TOR is not really that anonymous

I'm using TOR Vidalia bundle. Here's a simple challenge to anyone:

1. Launch Vidalia. Connected. Activate firefox TOR button. Check IP anonymous OK.

2. Go to tinychat.com, get into any channel (remember the URL) and get banned. Stop TOR.

3. Close your browser, clear your cookies whatever (eg. using ccleaner, delete users> profilename> appdata> roaming> macromedia & adobe> flash player)

4. Start TOR, get new identity. Check IP different IP OK.

5. Go tinychat.com, get into the same channel URL. Still banned.



This does not happen when I'm using VPN (with several server options) alone or running TOR on top of VPN.

 

Tinychat.com obviously doesn't allow TOR clients so I'm not sure what you're trying to achieve here. By trying to get there via TOR you are banning the TOR exit node, not yourself. Eventually you will run out of unbanned nodes.

 

It's not about start or exit nodes. I presume Tinychat traces SOCKS which TOR has it exposed.

By default, TOR is using SOCKS 5 which causes the webcam channel not to load up at all. When I change TOR setting to SOCKS 4, webcam channel can load up but banned (if previously banned).

This is a serious concern especially to newbies out there who thought TOR is totally anonymous which is not, based on my own testings.


.

 

Tor only protects at OSI Layer 7 (application layer). Leaks and fingerprinting is very easy at this level. Try loading Tor through JanusVM, which VPNs your Tor connection.

 

I think you need to run some more test.

What might be happening is, as Steve said, you're leaking your real IP somehow. When I connect to tinychat.com and enter a channel, my firewall tells me that my browser is trying to bypass Tor and connect directly.

This is common with multimedia. My guess is that half (or more) of the people that use Tor don't understand that certain plug-ins will attempt to bypass Tor.

As for why you're getting banned, I'm not sure. But there's nothing wrong with Tor. I've been using it for 5 years with no problems.

But I'm not sure I understand the logic that because you've experienced a problem that you think you've suddenly found a major whole in Tor when hundreds of thousands of people have been using it for years. That's not the logical conclusion.

 

Not sure what went wrong. Tried to connect VPN for JanusVM but error 800.



I'm using Windows 7 x64


.

 

FYI, JanusVM is but one way to use Tor properly. I use a firewall personally, but this is probably one of the more complex techniques (although it's not too bad).

There are other ways besides JanusVM and the firewall technique. I'm not up on all the techniques (because I've always used a firewall), but here's another thread that discusses this issue.

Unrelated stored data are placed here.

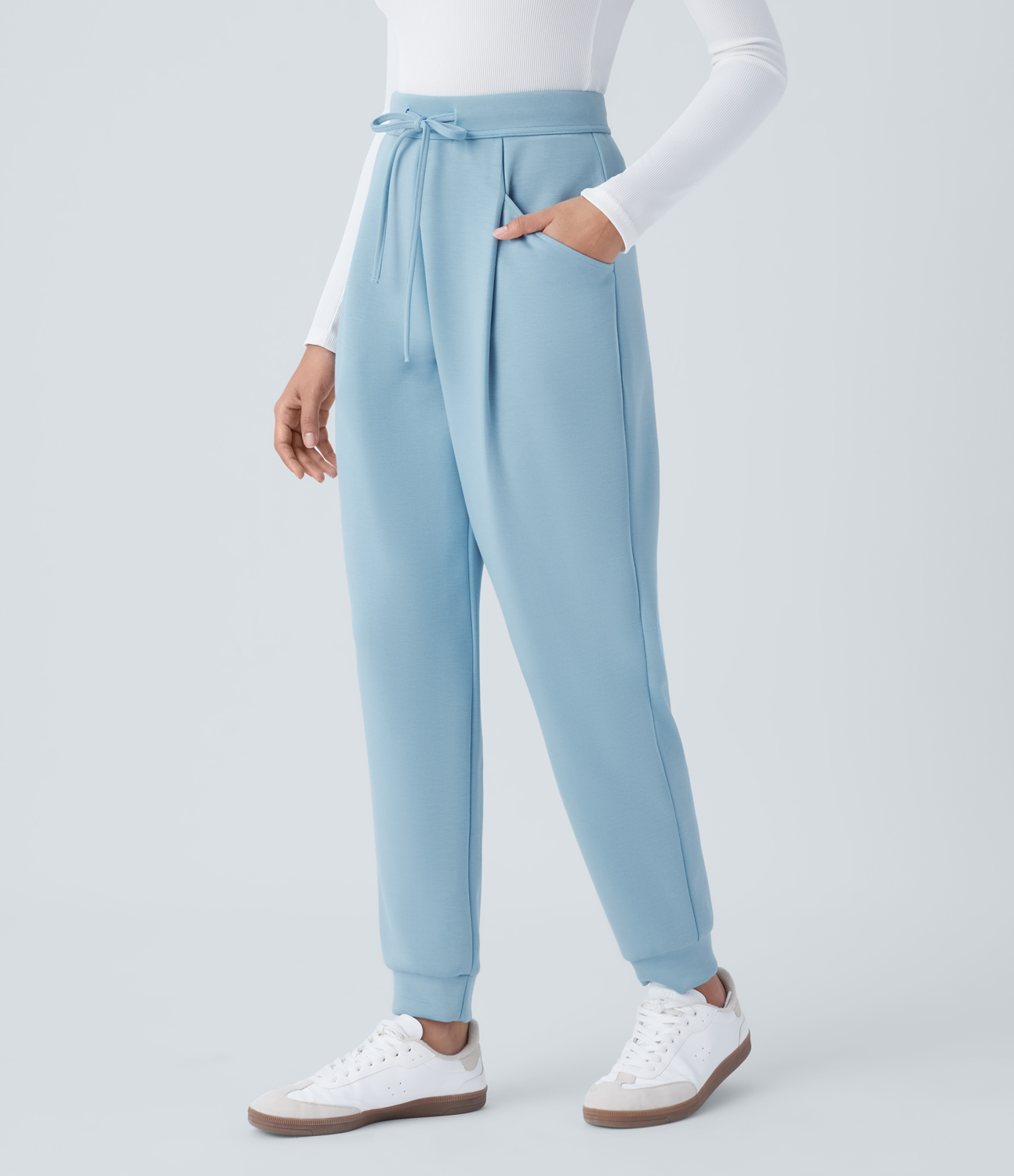 Halara High Waisted Drawstring Side Pocket Casual Joggers - Light Foggy Blue - XS(regular) Halara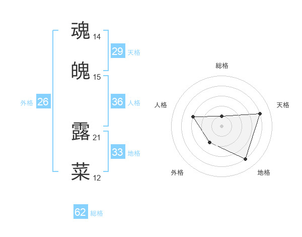 魂魄 露菜さんを姓名の画数から五運を鑑定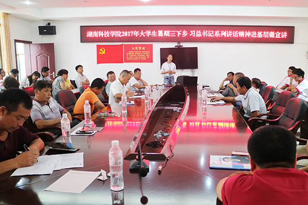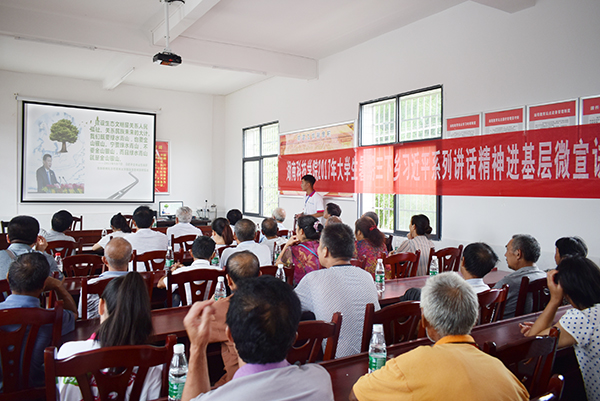 本网讯 7月10日,马克思主义学院党总支书记唐森树带领该院大学生暑期“三下乡” 社会实践团队前往祁阳县白水镇开展习近平总书记系列讲话精神进基层微宣讲活动。

https://www.wilderssecurity.com/showthread.php?t=294005

 

JanusVM isn't just a firewall. It is a VPN, which is the distinguishing factor of why it is better than Tor alone or Tor + Firewall, specifically on Windows machines, because Tor sidechannels/leaks typically only work on non-VPNed connections.

 

I agree. I never made a comment about JanusVM being just a firewall. I'm not too familiar with it in fact. So, I can't comment on it other than to say that I've seen positive reviews of it.

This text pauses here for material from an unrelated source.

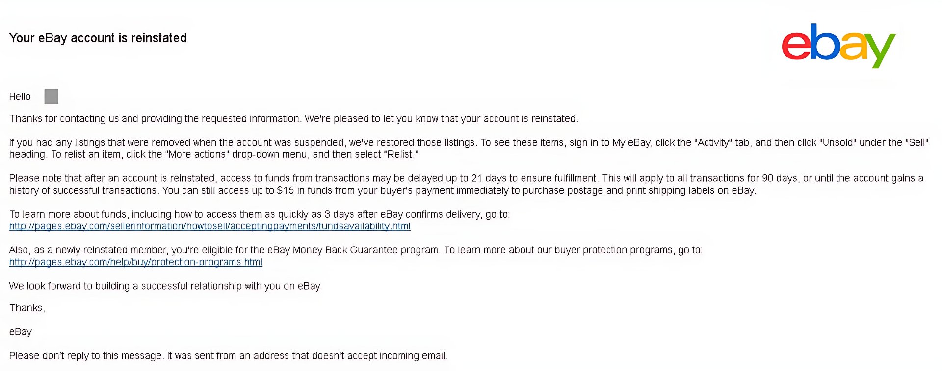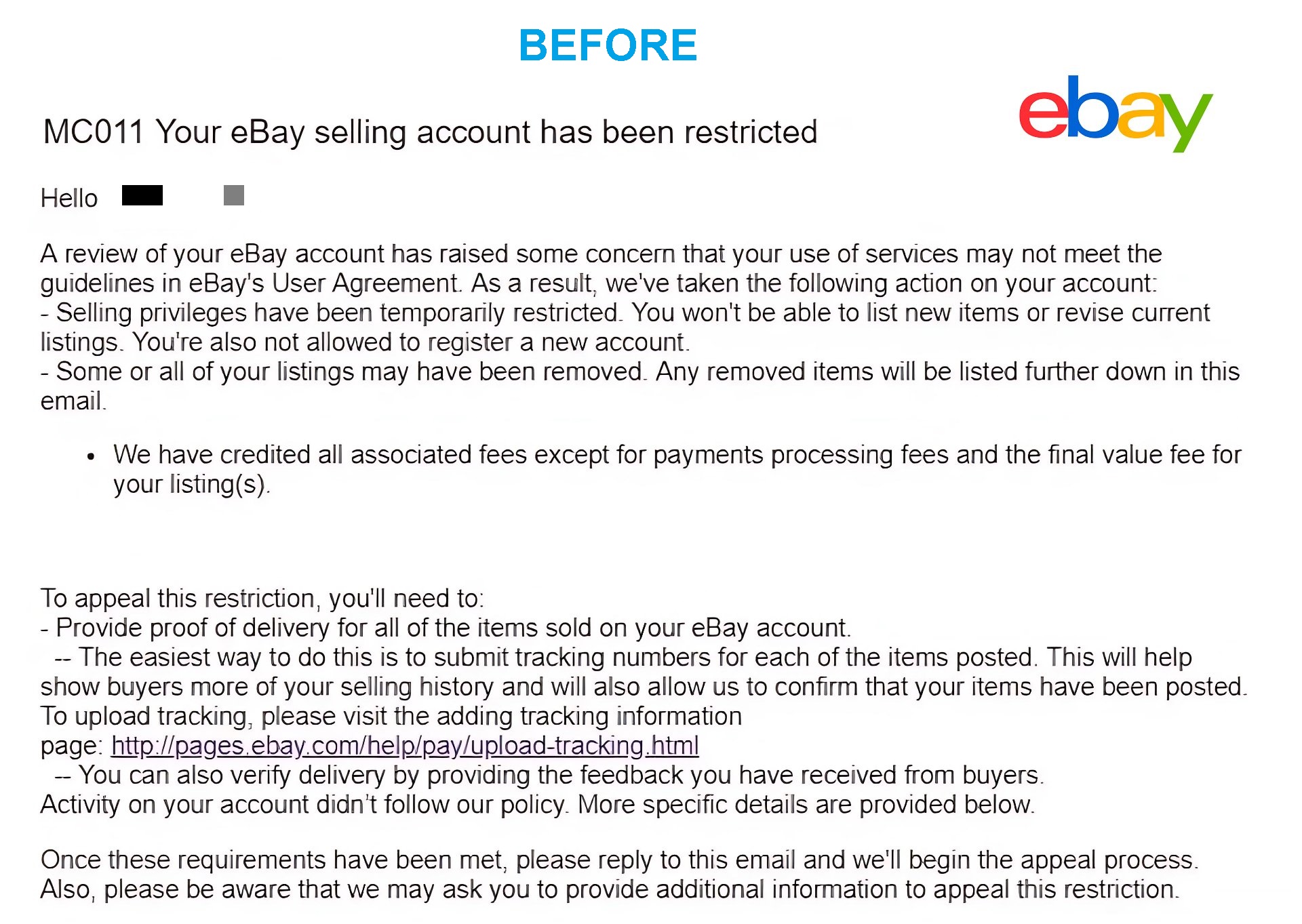 Ebay Account MC011 Reinstatement

But, by the same token, I was saying that a firewall is adequate to protect Tor. I've never had a leak with a firewall that's been configured properly.

 

You answered it yourself
https://trac.torproject.org/projects/tor/wiki/TheOnionRouter/TorFAQ#SoImtotallyanonymousifIuseTor

 

Yeah just use TOR over VPN in the meantime

 

so that's a video/audio/text flash client running on YOUR computer. It likely tries to connect to the server via RTMP on port 1935, fall back is 443, and then final fallback, port 80.

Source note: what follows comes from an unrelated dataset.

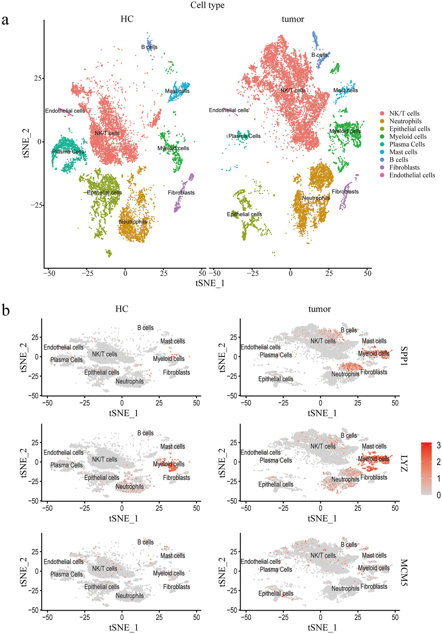 3.6 Expression patterns of SPP1, LYZ and MCM5 in scRNA-seq

Maybe if you were to block ports 1935 & 443. But as someone else said, this seems futile, as i'm sure 100's & maybe 1000's of people before you have been banned from this site before & tried entering via public proxies & got banned again. If you're one these 'trolls' (as the kids say) then public accessed proxies are not for you as a fellow trolls would likely have already exhausted the IP's, and a good admin would have them banned anyway.